Now, you can have your irrational beliefs constantly affirmed, to the point where you become convinced that not merely are you the rational one, but that people who refuse to believe the conspiracy are maliciously irrational. The internet normalises abnormality of all kinds, good and bad.
That may well be a reason why so many conspiracy theorists are now considered actively dangerous. White supremacists, “sovereign citizens” and “Great Replacement” advocates have long been identified by US law enforcement agencies as the major domestic terrorist threat in the US. More recently, incels have been identified as an emerging threat after a number of mass murders carried out by misogynist young men who view feminism as a plot against their right to have sex.

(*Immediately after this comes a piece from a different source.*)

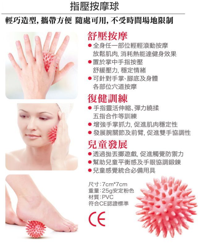 包含柔軟球面/堅硬球面,可輕鬆按摩全身 中華民國專利字號088637 符合CE認證標準
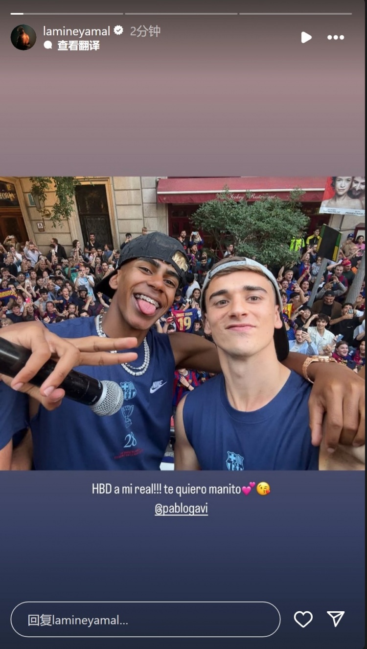 巴薩中場(chǎng)加維迎來(lái)21歲生日,亞馬爾社媒曬出與加維在冠軍游行中的合照,配文:“生日快樂(lè ),我的摯友!我愛(ài)你,兄弟!”

And in 2019 the FBI identified “conspiracy theory-driven domestic extremists” as a threat, who likely “will emerge, spread, and evolve in the modern information marketplace, occasionally driving both groups and individual extremists to carry out criminal or violent acts”. Its report specifically mentioned QAnon theorists.
Just because US security agencies identify someone as a terror threat doesn’t make them one — the likes of the FBI and the NSA have a history of identifying peaceful protest groups as potential threats, including Dominican nuns and Greenpeace. But when QAnon members plead guilty to terrorism charges and fire guns in a pizza restaurant crowded with families, there’s a solid base for law enforcement agencies to worry about them. Anti-vaxxers, too, have increasingly shifted from online to real-world harassment.
The issue in Australia is whether ASIO and the AFP — who were taken by surprise by the Christchurch massacre, having believed that far-right extremists were incapable of mass-casualty attacks — are as up to speed on the emerging threat from internet-fueled conspiracy theorists as their US counterparts.
Christchurch prompted ASIO to be a lot clearer about the terrorist threat from the right — to the fury of Peter Dutton, who lied that left-wing terrorism was an equal threat. But the pandemic, and the irrational claims of virus denialists, might serve to focus their minds away from the threat posed by journalists and whistleblowers and toward internet obsessives who not merely peddle conspiracy theories, but are prepared to hurt and kill for them.